Лениво мечтая, Жюстен быстро шагал в наступающих сумерках. Ночная роса каплями оседала на лбу, примяла сияние волос, сыростью липла к телу. Он почти наощупь отыскал калитку в стене, окружавшей сад: ночь была уже тут, под этим белым густым, чистым туманом, который бережно укутывал дом, словно какую-то хрупкую вещь.
Жюстен скинул в маленьком холле отсыревший плащ. На кухне его ожидал ужин: суп, принесенный мадам Вавэн из дома. Сейчас он съест свежее яйцо, выпьет стакан красного вина. Он и думать забыл о межпланетных путешествиях, чувствовал себя прекрасно и, так как в кухне было прохладно, выпил второй, а затем и третий стакан красного вина. Типичная кухня холостяка, где не разводят стряпни, никогда не топят плиту, – газовой плитки вполне хватает, чтобы поджарить бифштекс или вскипятить воды на чашку кофе… Надо бы сказать мадам Вавэн, чтобы она время от времени протапливала плиту, тепло прогонит сырость, которая, видимо, пропитала стены.
Даже в библиотеке сегодня вечером было несколько свежо, и Жюстен включил большой электрический радиатор, который сразу же начал греть сверх всякой меры и начадил горелой пылью. Итак, он продолжал пользоваться хозяйством Бланш, она по опыту знала, что в этих местах бывают холодные вечера. Теплые волны поплыли во все уголки комнаты, и наконец в библиотеке установилось тепло, ровное, уютное. Сидя в красном бархатном кресле, Жюстен читал… Ляжет он рано, а завтра, если будет хорошая погода, снова пойдет в ресторан «Дохлая лошадь» – вот уже и он, по примеру всех прочих, называет так ресторан, где он прекрасно пообедал после прогулки по кемпингу. Сейчас он ляжет, и, кто знает, вдруг во сне Бланш обернется, взглянет ему прямо в лицо?
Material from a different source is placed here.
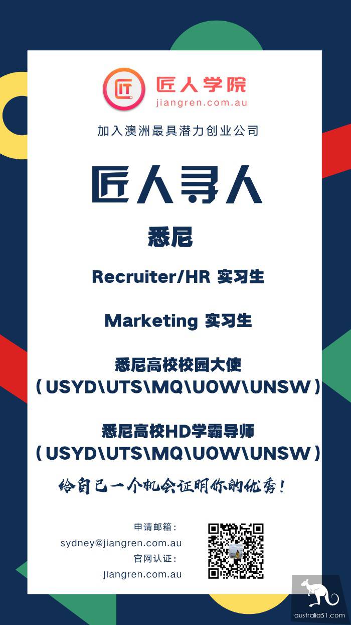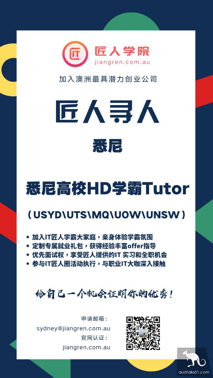 Our vision for all IT Chinese to come to work is no longer a difficult task. It's more than 8,000 IT small partners to focus on joining us and become the largest Chinese IT organization in Australia. It's also approved by thousands of small IT partners. The top-of-the-world IT bull is here, so we're in a foreign country, and it's also felt that the warm community covers the IT job-hunting group, Sydney, Brisbane, Melbourne's local group, the big front-end, php, AI, block chain, Java, Mobile, Laraval, and so on. The activity of tens of thousands of people per day has also proved that our IT people are a group of warm, ideal, and loving groups. Introduction 1. University of Sydney, Tutor[University of Sydney, University of IT, IT Professional HD, Tutor Recruitment] (USYD/ UNSW/ UTS/ MQ/ UOW) Job Content:1. The students who need to be trained according to the requirements and needs of the students. Statistics tutorial 3. To cooperate with the company's tutoring business to carry out the position requirements:1. The coaching experience takes precedence. HD performance is a priority. Flexible application materials for schedule:1. Resume 2. Transcript 3. Indicate two of the subjects you're good at. The craftsman's campus ambassador[Ambassador of the campus of the major universities in Sydney] (USYD/ UNSW/ UTS/ MQ/ UOW). Get an internship and a full-time opportunity to take a free part in all of the public lessons of the IT ingenuity circle. The excellent campus ambassador can be exempted from becoming a full-time employee. The industry has a face-to-face and free-to-face statement. It is a good player, can sign a cooperation agreement with the IT craftsman, and get the exclusive custom-made gift package of the rich Commission and IT craftsman. It is an annual IT craftsman's campus ambassador's party to exchange with the excellent campus ambassador's resources of the whole-Australia. HR Intern IV. The marketing intern quickly contacts the craftsman. Hey, get more information. Official web authentication: https://jiangren.com.au/city/sydney _ sydney's mailbox mode: [email protected]

Она не обернулась. Жюстен проспал всю ночь и вовсе не ее видел во сне. Он видел, что сдает экзамен, отвратительный сон, снившийся ему слишком часто. Он вновь переживал свои предэкзаменационные отроческие страхи, когда ему казалось, что он наверняка забыл все, что знал, не говоря уже о том, чего он вообще не знал, ибо всегда готовился кое-как из-за лени и оттого, что его отвлекали тысячи вещей, которых не проходят в лицее. Бланш не было места в таком сне, и, однако, томящее беспокойство, которое он, проснувшись, почувствовал во всем теле, – словно он принял накануне снотворное и действие его еще не рассеялось – скорее всего относилось не к экзаменам, а к Бланш, не пожелавшей обернуться в его сторону.
Он успел основательно продрогнуть, пока пил кофе на кухне. Сегодня утром солнце проглядывало как-то робко, и всю ночь шел дождь. Среди мокрой травы в саду пестрели тюльпанчики, анютины глазки, незабудки… Отяжелевшие от дождя кисти сирени потупили головы… Внезапно Жюстену захотелось немедленно, сейчас же заняться садом – сад был так безнадежно запущен! В чуланчике, пристроенном к гаражу, непременно должен быть садовый инструмент.
Конечно, садовый инструмент оказался на месте, не такая женщина была Бланш, чтобы не ухаживать за своим садом. Стены чуланчика с земляным, плотно утрамбованным полом щетинились множеством инструментов – тут были грабли, пилы, мотыги, вилы, косы… Жюстен решил порыться в ящиках старого стола, он искал секатор, но в ящиках оказались лишь молотки, гвозди, ножницы, напильники, куски наждачной бумаги… все это щедро покрыто ржавчиной и припудрено пылью цвета охры, осевшей на дне. Жюстен извлек на свет божий пару маленьких дамских перчаток с прилипшей к ним сухой землей и нелепо скрюченными пальцами, будто их свело конвульсиями. Секатора не было. Жюстен решил навести порядок в этом хаосе, почистить инструмент – просто сердце болит, когда видишь, как все разъедает ржавчина… Меж тем секатор не находился, а ему как на грех захотелось украсить дом букетами сирени, поставить сирень в розовые и зеленые вазы. Чем прикажете подрезать розовые кусты? Сейчас ведь самое время. Жюстен был специалистом этого дела, он вырос в большом поместье своих родителей, своих вечно отсутствовавших родителей. Отец, дирижер, постоянно находился в разъездах, а мать умерла совсем молодой, когда Жюстену минуло всего двенадцать лет… Впрочем, при жизни она почти всегда сопровождала мужа в турне, и Жюстен вырос на руках прислуги: о нем пеклась кормилица, которая, боготворя своего маленького кумира, все ему разрешала, и садовник – милейший человек, от которого Жюстен не отходил ни на шаг.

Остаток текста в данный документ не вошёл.